Google Invests in Renewables

As if being an Internet giant is not enough, Google, the Mountain View, Calif.-based search engine company, is on to renewable power.

In the span of little more than a decade, Google has transformed itself from garage start-up to an international corporation. Recognizing the natural affinities between its Internet products and services and sustainable-energy practices, the company has launched an effort to invest in various forms of green power.

In April, Google announced it would invest about $100 million in the Shepherd’s Flat wind project in Oregon.
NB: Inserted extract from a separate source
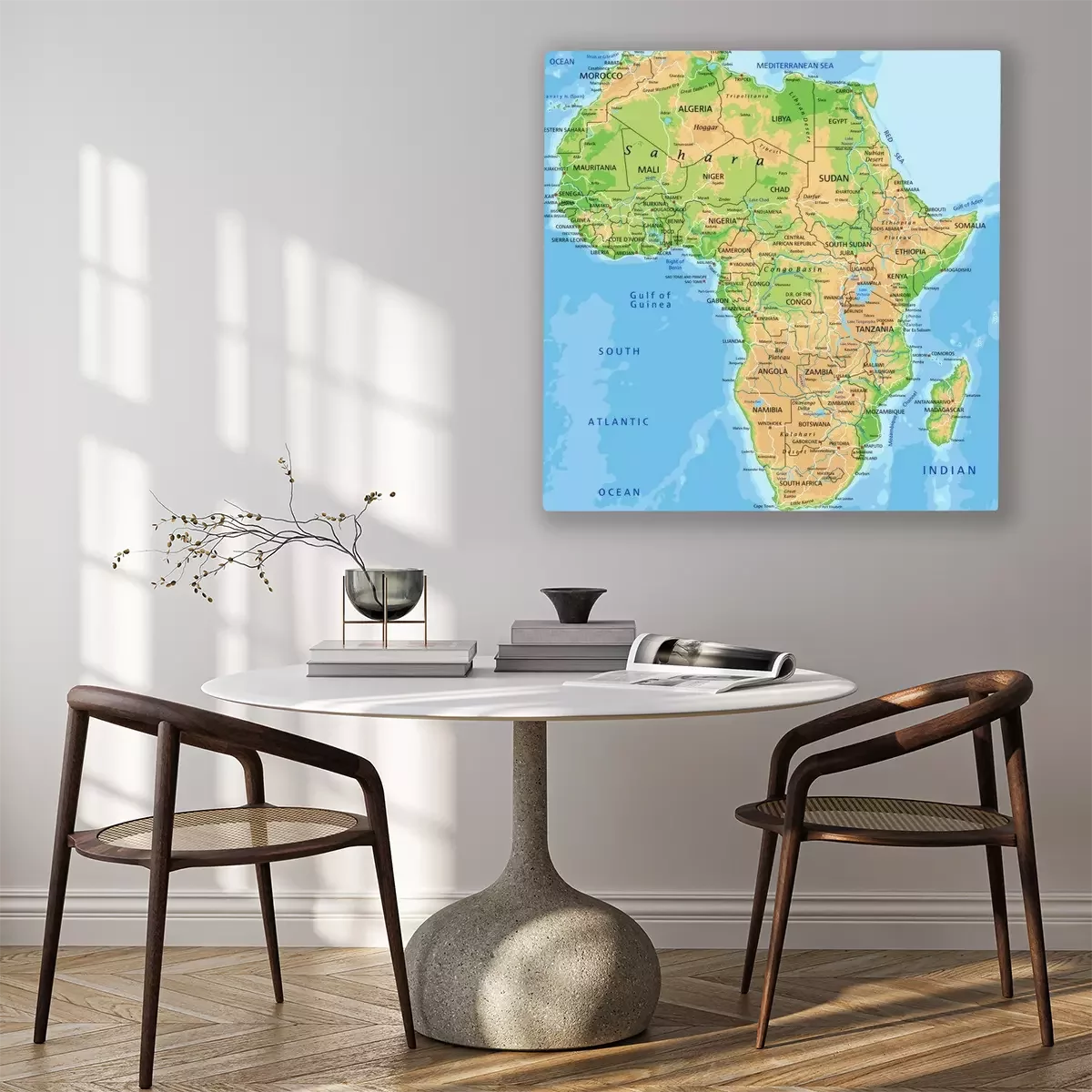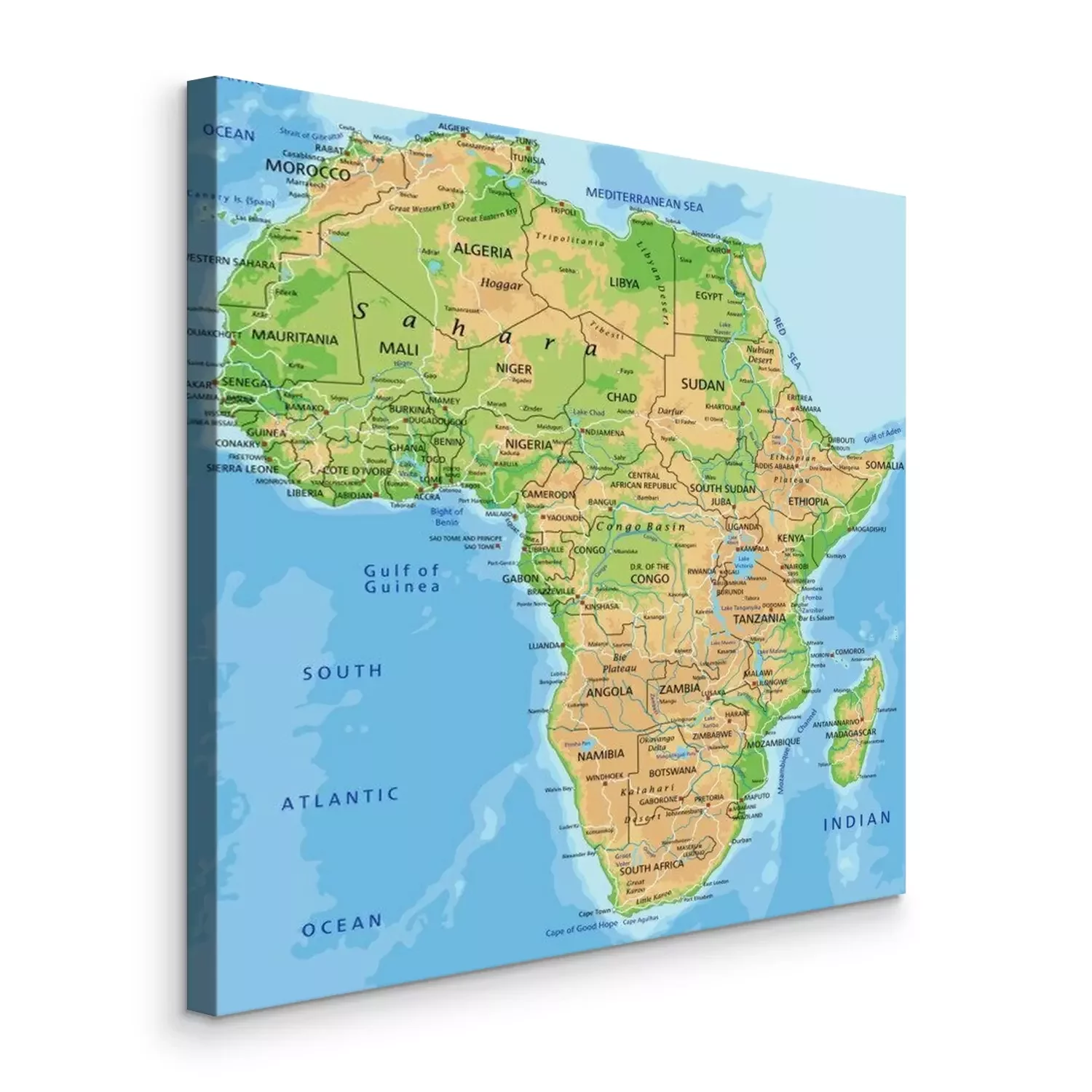 Canvas Hoge gedetailleerde Afrika fysieke kaart met de etikettering.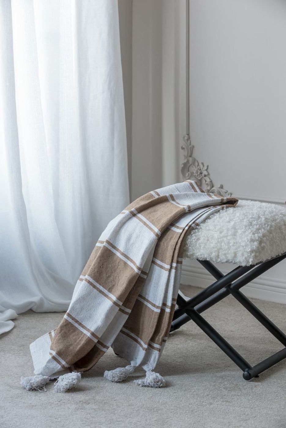 Стильное тонкое двуспальное плед-покрывало из хлопка - это современное украшение вашего дома, которое подойдет на двуспальную кровать, а также послужит накидкой на кресло или диван. Угловые части изделия акцентированы кисточками из хлопка. Идеальный подарок на любой праздник.

The facility is projected to be the largest wind farm in the world with the capacity to generate 845 megawatts (MW) when it comes online in 2012. The massive facility will cover about 30 square miles and provide enough electricity to light up 235,000 U.S. homes.

Shepherd’s Flat is also unique because it will be the first large-scale wind farm to use direct-drive turbines, a more efficient technology that employs permanent magnets, instead of the traditional gear box construction, to generate electricity.

The announcement of the Shepherd’s Flat investment comes on the heels of two other projects Google announced in April, both of which are also groundbreaking in their own right.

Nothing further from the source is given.